_WHAT YOU ARE ASKED TO DO_: Start to finish, write out the entries exactly, leaving the pictures aside.

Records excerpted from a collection
◆ ◆ ◆

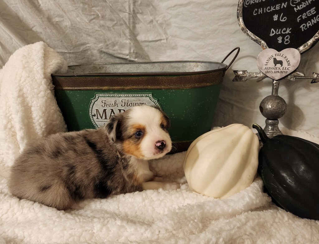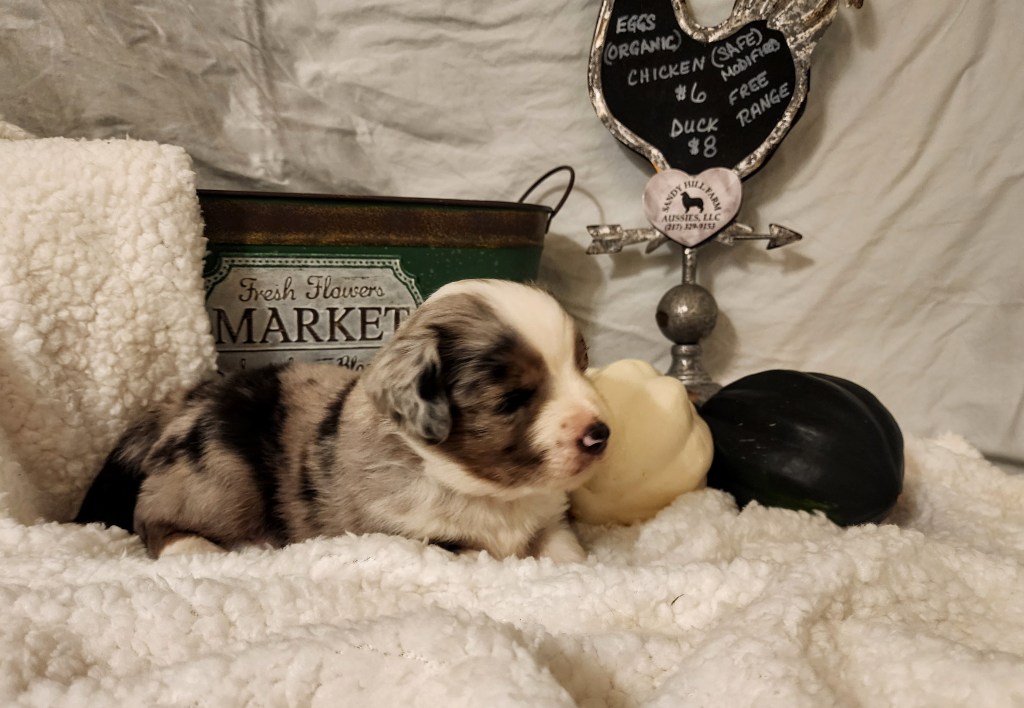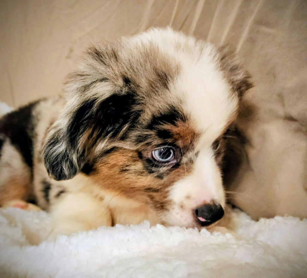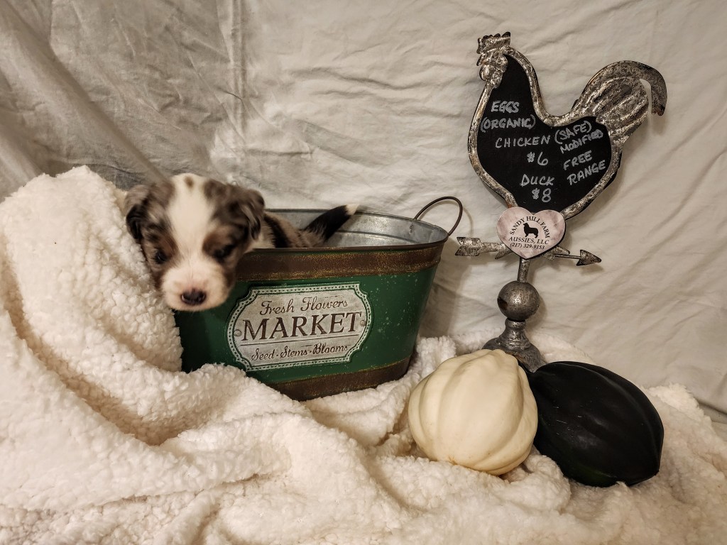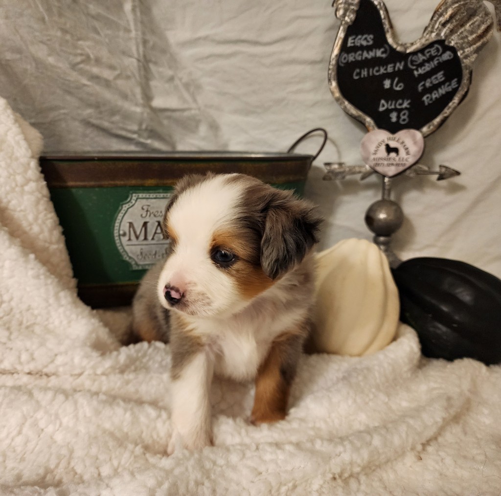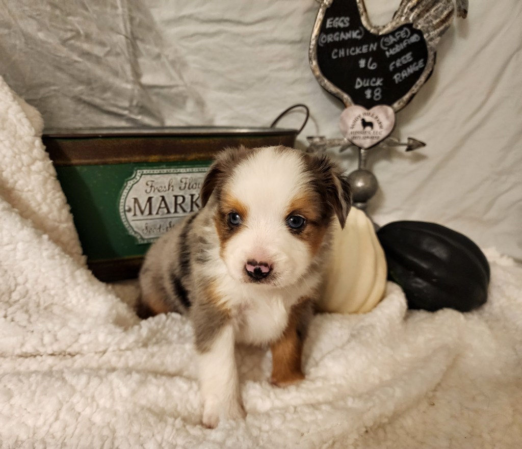 1 Blue-Eyed Blue Merle Large Toy/ Small Mini Australian Shepherd Male with full tail (below) $1500
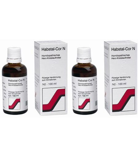 Homöopathisches Herz-KreislaufmittelMischung zum EinnehmenHabstal-Cor N ist ein Arzneimittel, dessen arzneilich wirksame Bestandteile nach ei- ner homöopathischen Verfahrenstechnik hergestellt sind. Die homöopathische Be- handlung von Patienten mit Herz-Kreislauferkrankungen bezweckt eine ausgleichende Regulation des gestörten Wechselspiels zwischen Herz und Gefäßen. Durch Entlas- tung des Herzmuskels und Stabilisierung des Kreislaufs bessert sich das Befinden und der Organismus kann wieder flexibler auf die täglichen Anforderungen reagieren. Die ausgwogene Kombination der homöopathischen Wirkstoffe in Habstal-Cor N er- möglicht ein Anwendungsspektrum, das von leichteren, kreislaufbedingten Unpässlich- keiten bis zu organischen Herzerkrankungen reicht.Anwendungsgebiete: Funktionelle und organische Herzleiden. Dazu gehören entsprechend den homöopa- thischen Arzneimittelbildern: Herz- und Kreislaufstörungen wie Herzschwäche, Alters- herz, Herzrhythmusstörungen, Angina pectoris und Störungen des Blutdruckes; akute Herzentzündung.Zusammensetzung:10 g enthalten: Arzneilich wirksame Bestandteile nach Art und Menge:Crataegus (Weißdorn) Ø 2,5 gDigitalis purpurea (Roter Fingerhut) Dil. D 2 0,025 gSpigelia anthelmia (Wurmkraut) Dil. D 4 2,5 gStrophanthus gratus (Strophanthus) Dil. D 4 2,5 gSonstige Bestandteile: Ethanol, Gereinigtes Wasser..Vorsichtsmaßnahmen für die Anwendung und Warnhinweise:Enthält 47 Vol.-% Alkohol. Die Anwendung des Arzneimittels bei Herzbeschwerden sollte nicht ohne ärztlichen Rat erfolgen und ersetzt nicht andere vom Arzt diesbezüglich verordnete Arzneimittel. Bei Schmerzen in der Herzgegend, die in Arme, den Oberbauch oder in die Halsgegend ausstrahlen können, bei Atemnot und bei Wasseransammlung in den Beinen, sowie bei unklaren Beschwerden ist eine ärztliche Abklärung zwingend erforderlich. Da keine ausreichend dokumentierten Erfahrungen vorliegen, sollte Habstal-Cor N in Schwangerschaft und Stillzeit nur nach Rücksprache mit dem Arzt angewendet werden. Zur Anwendung dieses Arzneimittels bei Kindern liegen keine ausreichend dokumentierten Erfahrungen vor. Es soll deshalb bei Kindern unter 12 Jahren nicht angewendet werden.Dosierungsanleitung, Art und Dauer der Anwendung:Die Dosierung erfolgt individuell. Zur Orientierung können folgende Angaben herangezogen werden: Bei akuten Zuständen 10-20 Tropfen alle halbe bis ganze Stunde, bei chronischen Verlaufsformen 20 Tropfen 3 x täglich. Flasche vor Gebrauch schütteln und dann Habstal-Cor N mit Flüssigkeit verdünnt (z.B. 1/2 Glas Wasser) vor den Mahlzeiten einnehmen. Auch homöopathische Arzneimittel sollten ohne ärztlichen Rat nicht über längere Zeit eingenommen werden.Hinweise und Angaben zur Haltbarkeit:Mindesthaltbarkeit 5 Jahre. ...
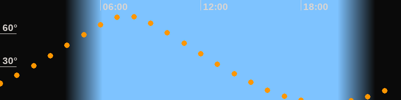| Höchster Stand (Kulmination) | 07:34 Uhr (h = 76°) |
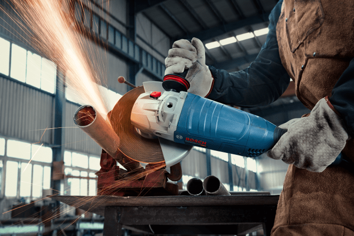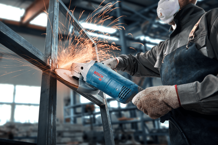 Die Suche nach einem benutzerfreundlichen und komfortablen und gleichzeitig leistungsstarken Winkelschleifer kann eine Herausforderung sein. Der GWS 27-230 PR Professional erledigt dank seiner hohen Leistung schwierige Arbeiten schneller. Sein kraftvoller 2.700-W-Motor sorgt für mehr Effizienz, indem er mehr Material in kürzerer Zeit abträgt. Der Haupthandgriff sorgt für bequemes Handling und lässt sich auf Knopfdruck um 90° drehen. So hast du immer den perfekten Griff – ob fürs Schleifen oder Trennen. Die Sperrfunktion gewährleistet, dass das Werkzeug erst startet, wenn der Haupthandgriff vollständig um 90° gedreht und mit einem „Klick“ eingerastet ist. Darüber hinaus ist der GWS 27-230 PR Professional mit KickBack Control, PROtection-Schalter und Vibration Control ausgestattet.
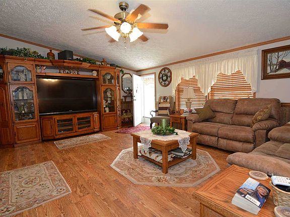 One owner manufactured home located 17 minutes from Eastland Mall on 5.43 rolling and partially wooded acres. Extremely well maintained home with a three tiered composite deck, detached 24 x 40 garage with a shop (great for woodworking). Covered carport. The home features an open floor plan vaulted family room with fireplace open to a large eat-in kitchen with ample storage. Split bedrooms, master suite with corner tub. The home comes with a one year homeowner's warranty for peace of mind.
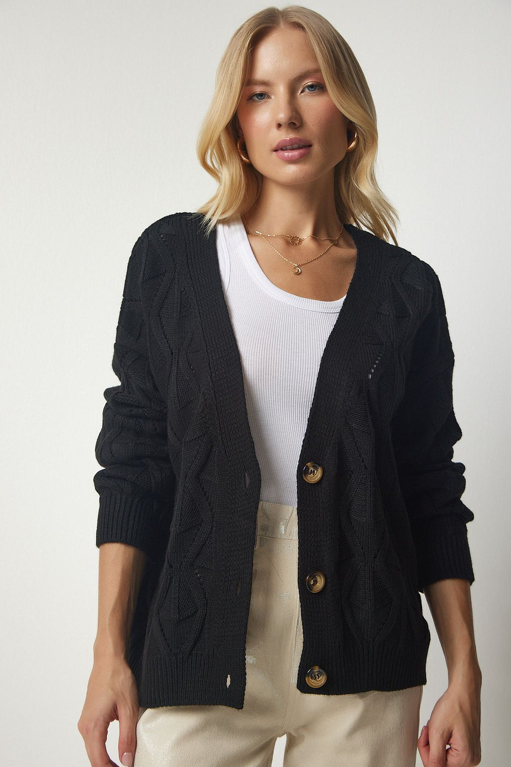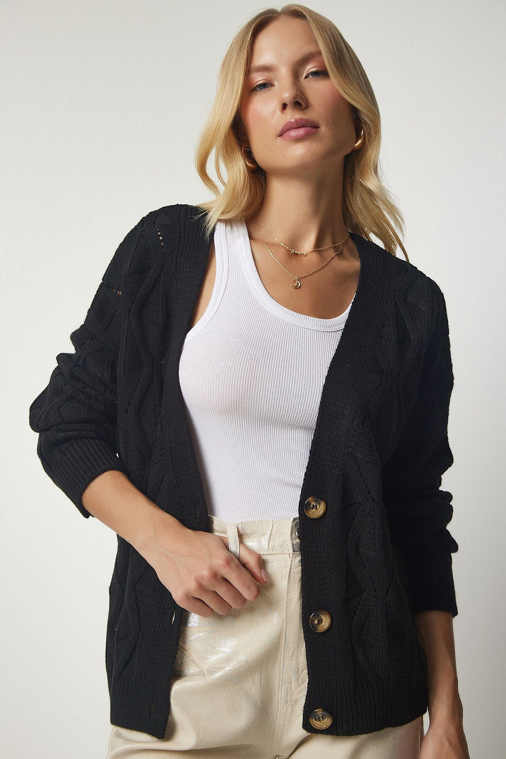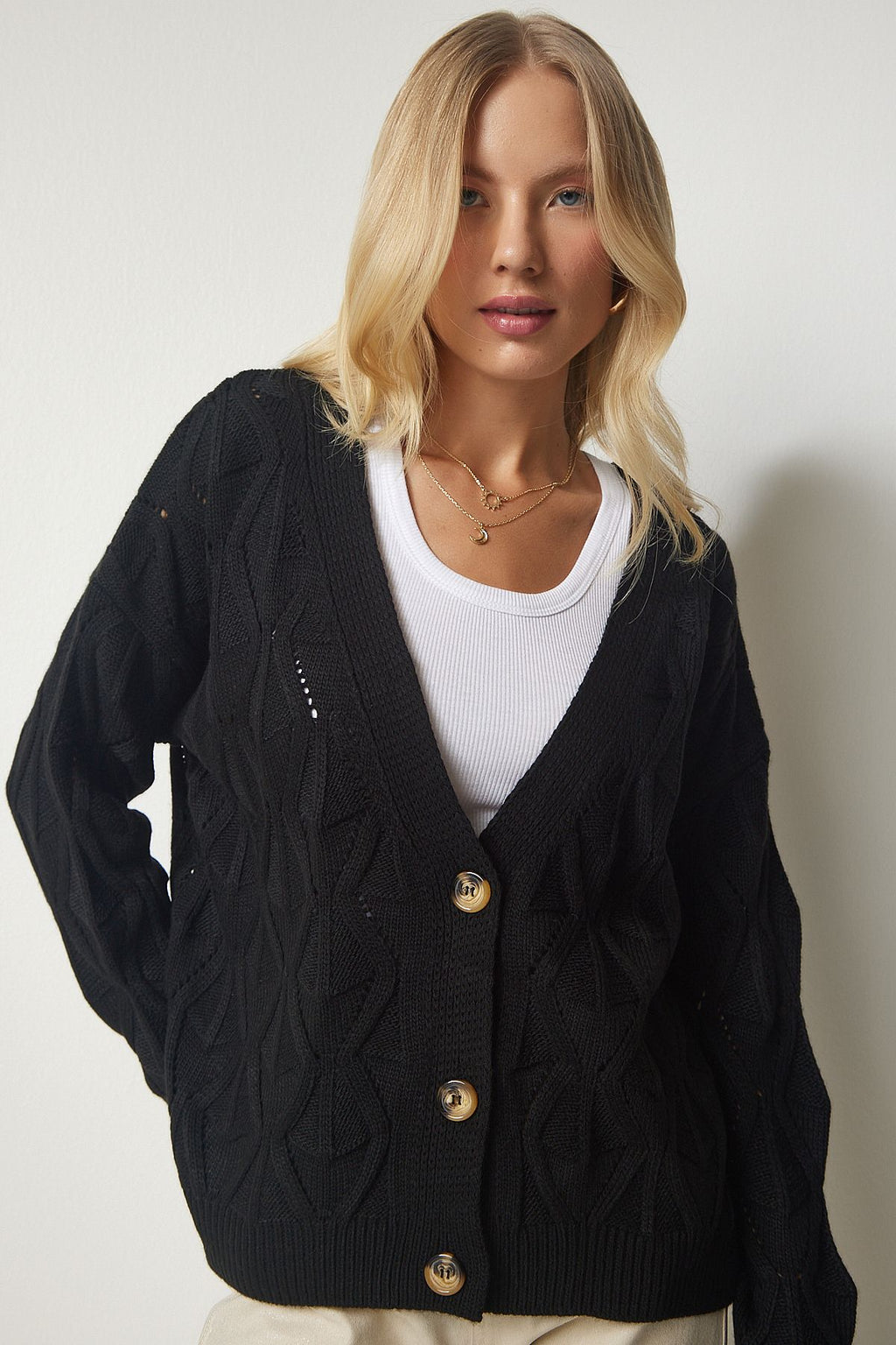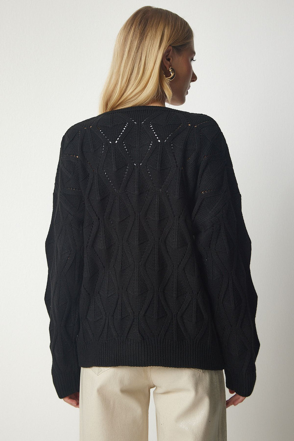 Women's Black Knitting Motif Offer Triko Cardigan PF00014

◆ ◆ ◆

_FINAL ANSWER_:
 1 Blue-Eyed Blue Merle Large Toy/ Small Mini Australian Shepherd Male with full tail (below) $1500
 Homöopathisches Herz-KreislaufmittelMischung zum EinnehmenHabstal-Cor N ist ein Arzneimittel, dessen arzneilich wirksame Bestandteile nach ei- ner homöopathischen Verfahrenstechnik hergestellt sind. Die homöopathische Be- handlung von Patienten mit Herz-Kreislauferkrankungen bezweckt eine ausgleichende Regulation des gestörten Wechselspiels zwischen Herz und Gefäßen. Durch Entlas- tung des Herzmuskels und Stabilisierung des Kreislaufs bessert sich das Befinden und der Organismus kann wieder flexibler auf die täglichen Anforderungen reagieren. Die ausgwogene Kombination der homöopathischen Wirkstoffe in Habstal-Cor N er- möglicht ein Anwendungsspektrum, das von leichteren, kreislaufbedingten Unpässlich- keiten bis zu organischen Herzerkrankungen reicht.Anwendungsgebiete: Funktionelle und organische Herzleiden. Dazu gehören entsprechend den homöopa- thischen Arzneimittelbildern: Herz- und Kreislaufstörungen wie Herzschwäche, Alters- herz, Herzrhythmusstörungen, Angina pectoris und Störungen des Blutdruckes; akute Herzentzündung.Zusammensetzung:10 g enthalten: Arzneilich wirksame Bestandteile nach Art und Menge:Crataegus (Weißdorn) Ø 2,5 gDigitalis purpurea (Roter Fingerhut) Dil. D 2 0,025 gSpigelia anthelmia (Wurmkraut) Dil. D 4 2,5 gStrophanthus gratus (Strophanthus) Dil. D 4 2,5 gSonstige Bestandteile: Ethanol, Gereinigtes Wasser..Vorsichtsmaßnahmen für die Anwendung und Warnhinweise:Enthält 47 Vol.-% Alkohol. Die Anwendung des Arzneimittels bei Herzbeschwerden sollte nicht ohne ärztlichen Rat erfolgen und ersetzt nicht andere vom Arzt diesbezüglich verordnete Arzneimittel. Bei Schmerzen in der Herzgegend, die in Arme, den Oberbauch oder in die Halsgegend ausstrahlen können, bei Atemnot und bei Wasseransammlung in den Beinen, sowie bei unklaren Beschwerden ist eine ärztliche Abklärung zwingend erforderlich. Da keine ausreichend dokumentierten Erfahrungen vorliegen, sollte Habstal-Cor N in Schwangerschaft und Stillzeit nur nach Rücksprache mit dem Arzt angewendet werden. Zur Anwendung dieses Arzneimittels bei Kindern liegen keine ausreichend dokumentierten Erfahrungen vor. Es soll deshalb bei Kindern unter 12 Jahren nicht angewendet werden.Dosierungsanleitung, Art und Dauer der Anwendung:Die Dosierung erfolgt individuell. Zur Orientierung können folgende Angaben herangezogen werden: Bei akuten Zuständen 10-20 Tropfen alle halbe bis ganze Stunde, bei chronischen Verlaufsformen 20 Tropfen 3 x täglich. Flasche vor Gebrauch schütteln und dann Habstal-Cor N mit Flüssigkeit verdünnt (z.B. 1/2 Glas Wasser) vor den Mahlzeiten einnehmen. Auch homöopathische Arzneimittel sollten ohne ärztlichen Rat nicht über längere Zeit eingenommen werden.Hinweise und Angaben zur Haltbarkeit:Mindesthaltbarkeit 5 Jahre. ...
| Höchster Stand (Kulmination) | 07:34 Uhr (h = 76°) |
 Die Suche nach einem benutzerfreundlichen und komfortablen und gleichzeitig leistungsstarken Winkelschleifer kann eine Herausforderung sein. Der GWS 27-230 PR Professional erledigt dank seiner hohen Leistung schwierige Arbeiten schneller. Sein kraftvoller 2.700-W-Motor sorgt für mehr Effizienz, indem er mehr Material in kürzerer Zeit abträgt. Der Haupthandgriff sorgt für bequemes Handling und lässt sich auf Knopfdruck um 90° drehen. So hast du immer den perfekten Griff – ob fürs Schleifen oder Trennen. Die Sperrfunktion gewährleistet, dass das Werkzeug erst startet, wenn der Haupthandgriff vollständig um 90° gedreht und mit einem „Klick“ eingerastet ist. Darüber hinaus ist der GWS 27-230 PR Professional mit KickBack Control, PROtection-Schalter und Vibration Control ausgestattet.
 One owner manufactured home located 17 minutes from Eastland Mall on 5.43 rolling and partially wooded acres. Extremely well maintained home with a three tiered composite deck, detached 24 x 40 garage with a shop (great for woodworking). Covered carport. The home features an open floor plan vaulted family room with fireplace open to a large eat-in kitchen with ample storage. Split bedrooms, master suite with corner tub. The home comes with a one year homeowner's warranty for peace of mind.
 Women's Black Knitting Motif Offer Triko Cardigan PF00014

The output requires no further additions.